──────── Data excerpts ────────

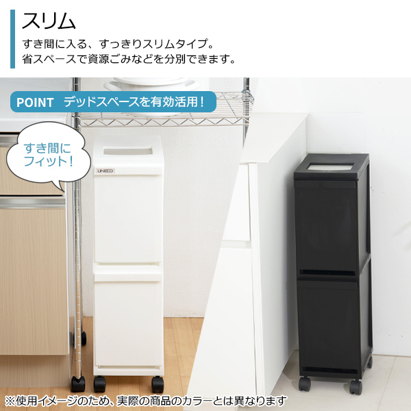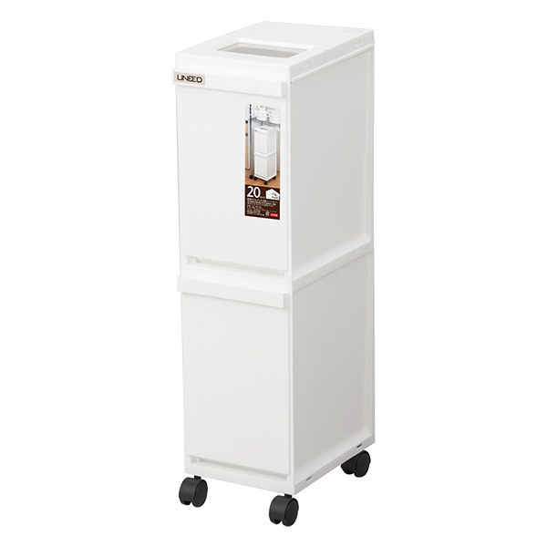 ゴミ箱 ユニード 多段スリムペール2段 20L(10L×2) ホワイト | 分別 ダストボックス ごみ箱 縦型 キャスター付 2分別 隙間収納 プッシュ キッチン ペール おしゃれ 資源ごみ すき間
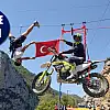 Motosikletle zipline yaptı
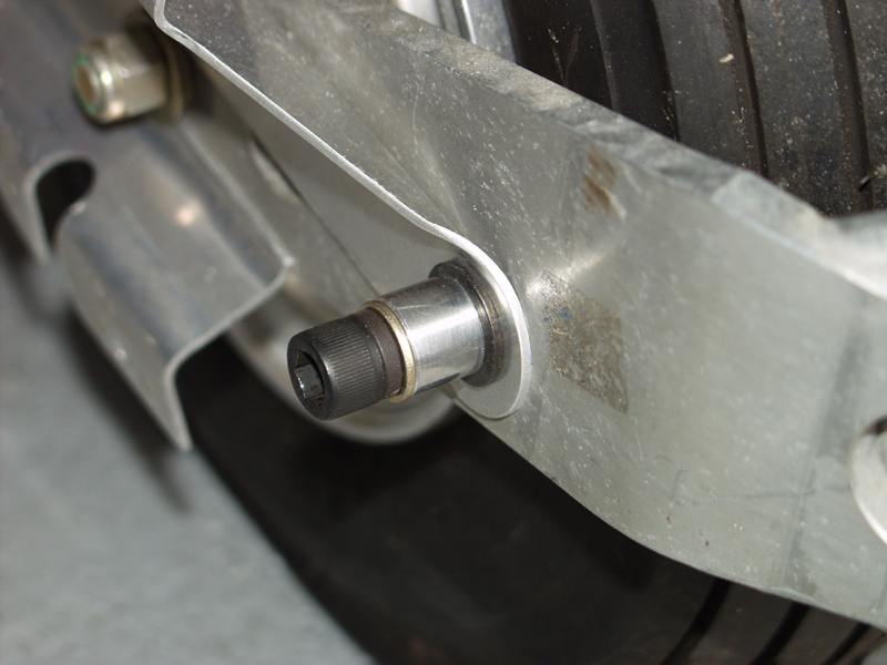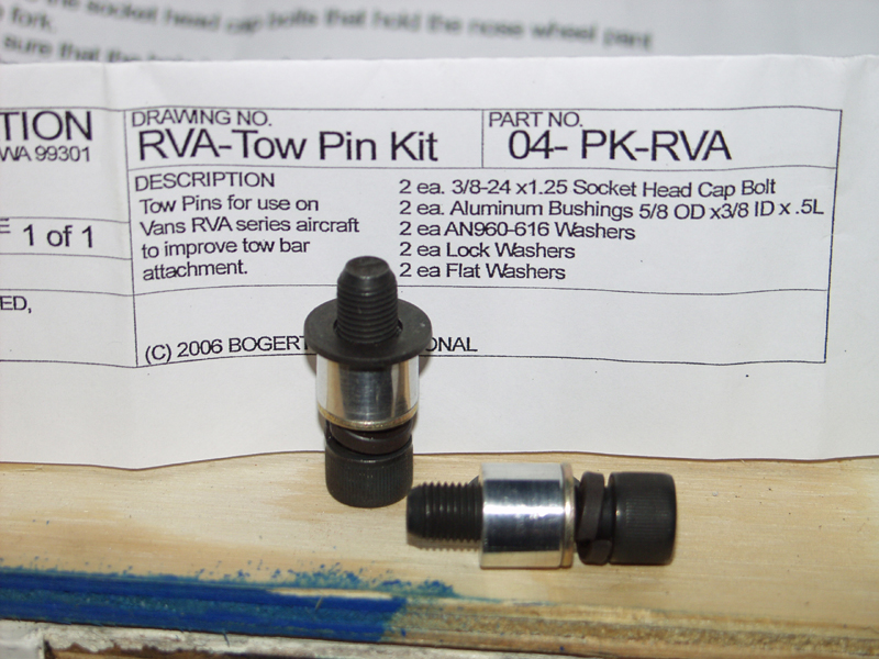 Ok if you building an A model with the nose gear you will need a Bogie Bar to tow the plane as the other brands will not spread around the nose gear fairings. In addition you will need the tow pin adapters to give enough length. As you can see in the picture its a longer cap screw with a bushing and 2 washers and a lock washer to replace the ones from Vans. I had to add washers to the ones from Vans anyway to keep the screw from going thru the fork and hitting the tire. This was no big deal since you need the length for the to bar forks. The next 2 pics show the before and after picture to show the length.
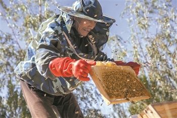 8月25日,56岁的张建堂正在收割蜂蜜。他在今年来到张志诚的蜂场学习养蜂,每月不仅能获得2400元的稳定收入,同时自己还养了63箱蜂。
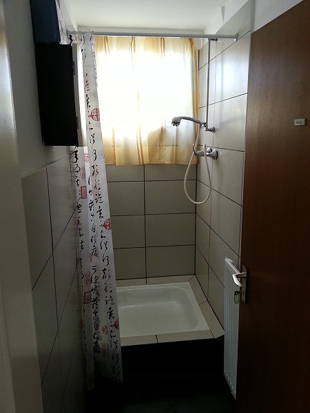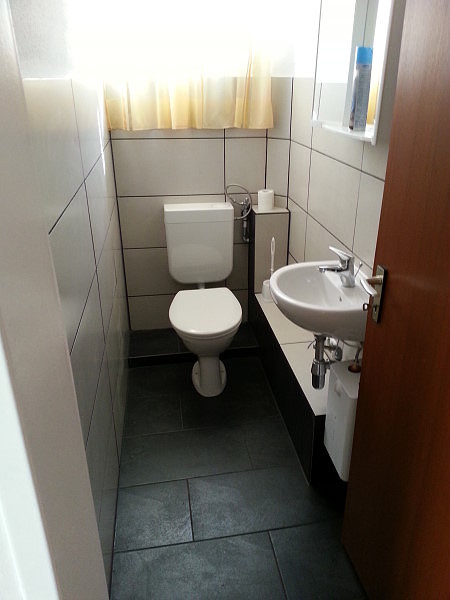 Der Duschraum und das WC mit Waschbecken befinden sich unmittelbar nebeneinander, sind durch Türen jedoch räumlich getrennt.

────────

- **Instructions to follow**: Copy the records above exactly, from the first line through the line containing "Motosikletle zipline yaptı", and leave out the pictures.

- **Expected answer**:
 ゴミ箱 ユニード 多段スリムペール2段 20L(10L×2) ホワイト | 分別 ダストボックス ごみ箱 縦型 キャスター付 2分別 隙間収納 プッシュ キッチン ペール おしゃれ 資源ごみ すき間
 Motosikletle zipline yaptı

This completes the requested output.